« The Responsibility To Protect », Compassion for Civilians: « Engage in War to Protect Them »….
At first sight, compassion appears to loom large in ‘mainstream’ politics and media. When the American and British governments target countries like Serbia, Afghanistan, Iraq and Libya, ‘compassion’ is always at or near the top of the agenda.
Time and again, the cry from the political system is: ‘We Must Do Something!’ ‘We’ must save Afghan women from the ‘Medieval’ Taliban. ‘We’ must save Kuwaiti new-borns flung from their incubators by Iraqi stormtroopers. ‘We’ must save Iraqi civilians from Saddam’s shredding machines. ‘We’ must save civilians in Kosovo from Milosevic’s ‘final solution’.
As for the suffering civilians of Aleppo in Syria, hard-right MPs like Andrew Mitchell demand, not merely that ‘we’ save them, not merely that ‘we’ engage in war to save them, but that ‘we’ must confront Russia, shoot down their planes if necessary, and risk actual thermonuclear war – complete self-destruction – to save them:
‘If that means confronting Russian air power defensively, on behalf of the innocent people on the ground who we are trying to protect, then we should do that.’
State-corporate propaganda is full of ‘shoulds’, all rooted in ‘our’ alleged ‘responsibility to protect’. Why ‘us’? Why not Sweden or Iceland? Because ‘we’ care. ‘We’ just care more.
A key task of the corporate media is to pretend this is something more than a charade. The truth is hinted at in BBC political programmes that open with jovial, bombastic, comical music, as if introducing some kind of music hall farce. The cast is currently led by foreign secretary Boris Johnson, a P.G. Wodehouse character reimagined by Stephen King. After chuckling about how ‘There is no other country that comes close to [Britain’s] record of beligerence’ in invading or conquering 178 out of 200 countries existing today, Johnson opined:
‘As our American friends instinctively understand, it is the existence of strong and well-resourced British Armed Forces that gives this country the ability to express and affirm our values overseas: of freedom, democracy, tolerance, pluralism.’

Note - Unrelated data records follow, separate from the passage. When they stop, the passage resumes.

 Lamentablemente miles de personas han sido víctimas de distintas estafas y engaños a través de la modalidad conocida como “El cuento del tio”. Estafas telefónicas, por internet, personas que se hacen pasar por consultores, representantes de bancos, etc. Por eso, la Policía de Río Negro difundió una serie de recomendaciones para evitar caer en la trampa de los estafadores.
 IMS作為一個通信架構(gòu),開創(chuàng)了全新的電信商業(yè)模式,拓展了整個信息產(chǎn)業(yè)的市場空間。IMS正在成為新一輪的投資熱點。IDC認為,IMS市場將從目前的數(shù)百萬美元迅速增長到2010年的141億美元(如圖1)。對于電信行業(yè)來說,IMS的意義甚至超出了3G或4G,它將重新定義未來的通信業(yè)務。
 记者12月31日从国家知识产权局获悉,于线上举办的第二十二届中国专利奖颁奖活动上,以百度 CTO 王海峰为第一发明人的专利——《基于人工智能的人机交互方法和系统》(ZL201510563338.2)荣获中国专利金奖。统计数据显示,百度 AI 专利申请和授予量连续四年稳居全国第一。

As Johnson doubtless understands, this was a near-exact reversal of the truth. He noted in 2014 of the 2003 Iraq invasion:
‘It looks to me as though the Americans were motivated by a general strategic desire to control one of the biggest oil exporters in the world…’

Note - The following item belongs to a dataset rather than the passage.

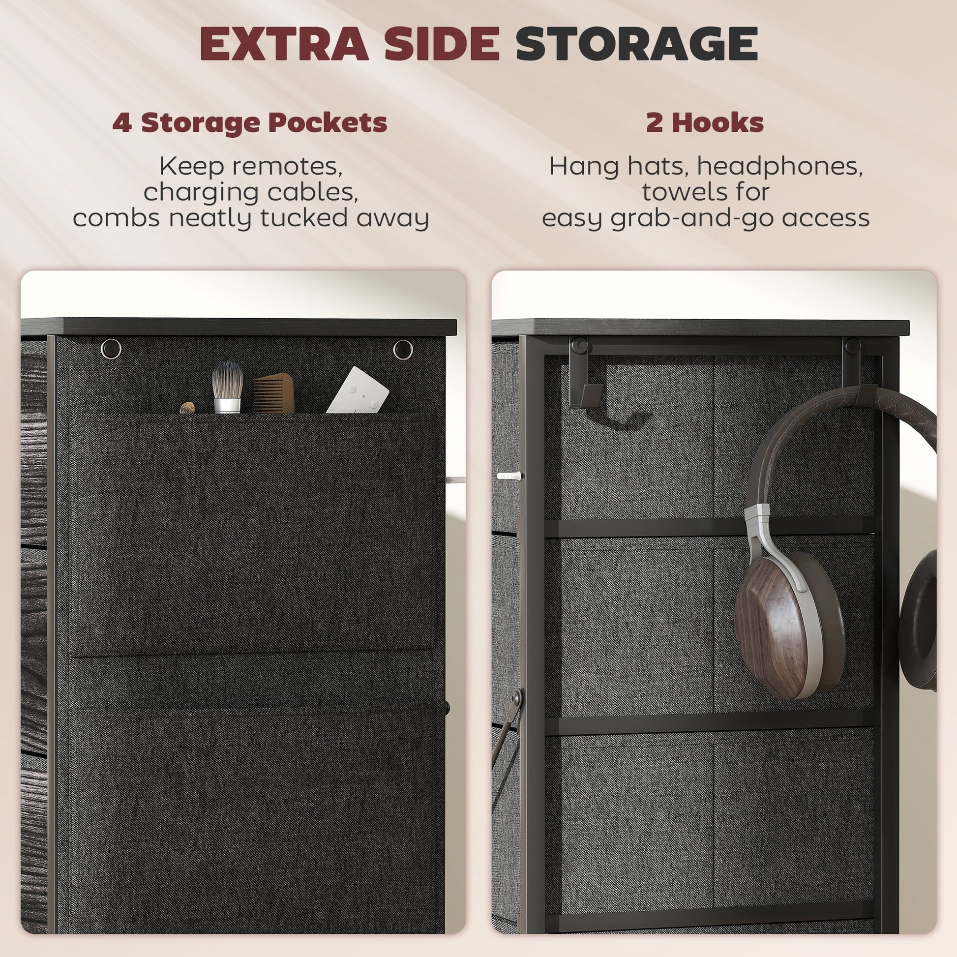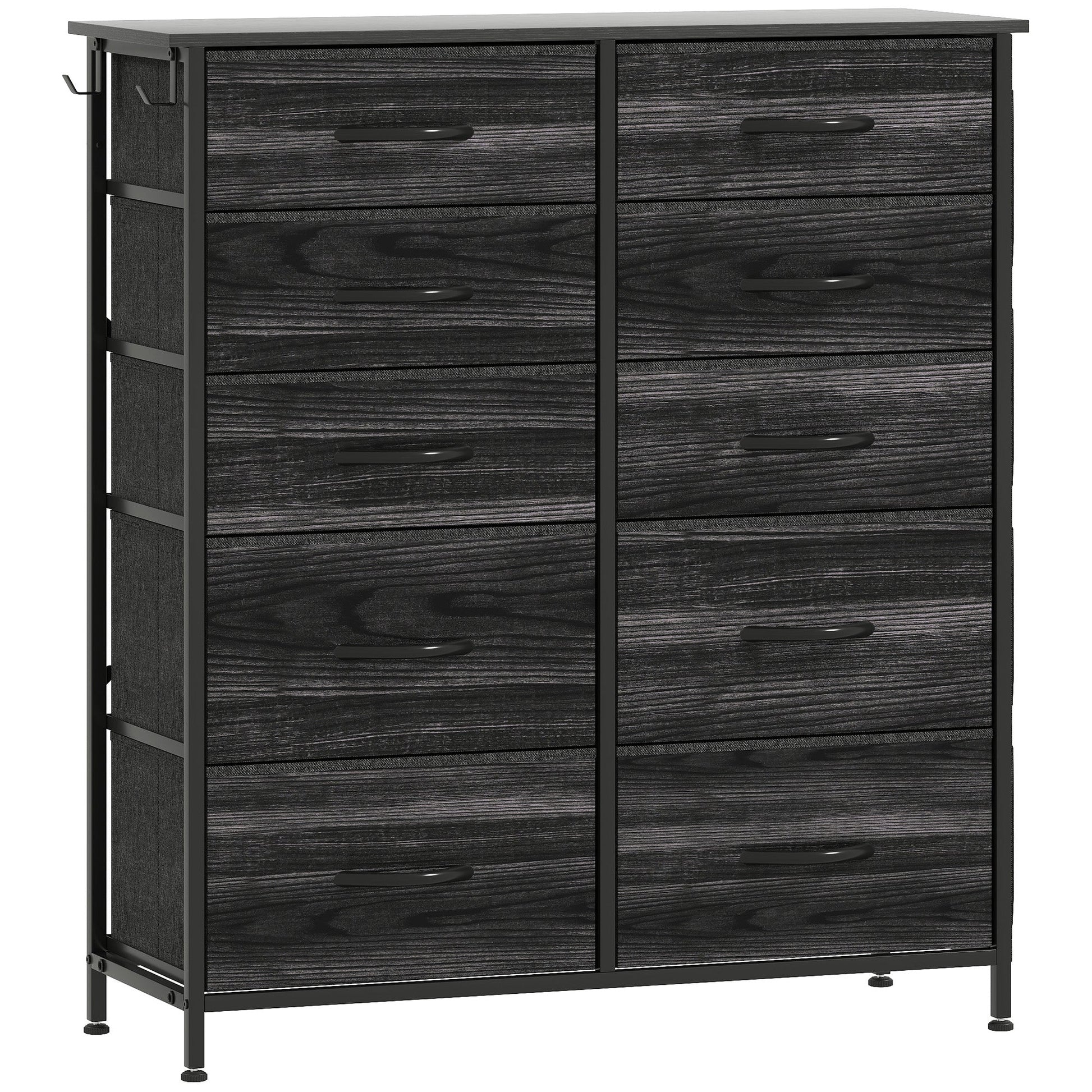 Easy, simple storage with this HOMCOM fabric chest of drawers. With six small and four large drawers, it's easy to sort everything from socks to pants. It also features four side pockets and two hooks to get smaller accessories altogether. A steel frame with X-bars keeps this bedroom dresser stable, finished with adjustable feet for balance - even on unsteady grounds.

If politicians are clearly bluffers, corporate journalists are selected because they powerfully echo and enhance the alleged need for compassionate ‘intervention’. The likes of David Aaronovitch, Nick Cohen, John Rentoul, Jonathan Freedland and Oliver Kamm earn their salaries by appearing to tear their hair out in outrage at the crimes of official enemies and at the ‘useful idiocy’ of the perennial, naysaying ‘leftists’. Aaronovitch of The Times has supported just about every opportunity to wage war, whether under Labour or the Tories, for decades. In March 1999, in an article titled, ‘It’s because we’re rich that we must impose peace for others,’ Aaronovitch commented:
‘Given a choice, do we really think that the suffering civilians of Sierra Leone would object to a military presence by the British?’ (Aaronovitch, The Independent, March 25, 1999)
In the aftermath of the September 11 attacks on the United States, he wrote of Afghanistan:
‘For a fair-minded progressive the call should not be Stop the War. That slogan is now irrelevant and harmful. The requirement is surely to win the peace…
‘So on Sunday, instead of listening to the same old tired stuff about cowboys with rockets and selective horror stories from Mazar; instead of marching along with mouth open and ears closed (however comforting that can be); instead of indulging yourself in a cosmic whinge, why not do something that might help the people of Afghanistan?’ (Aaronovitch, ‘Stop trying to stop the war, Start trying to win the peace,’ The Independent, November 16, 2001)
The message is always the same: we understand you’re sincere, but sometimes you have to drop your reflexive ‘anti-Americanism’, drop your blinkered adherence to ‘principled opposition’ and live in the real world. You can’t just sit on your hands, you can’t just righteously preach – you have to act!
This is the shtick of the corporate warmonger and it is repeated over and over again. It appears to be the key function that determines whether a commentator is granted job-for-life privileges at newspapers like the Guardian, The Times and Telegraph.
But the point is that compassion – the kind rooted in an understanding that all suffering is equal, the kind that feels even more responsibility for suffering caused by our own government – is not partial, it does not defer to power. It doesn’t fall silent when ‘we’ are committing crimes. Quite the reverse.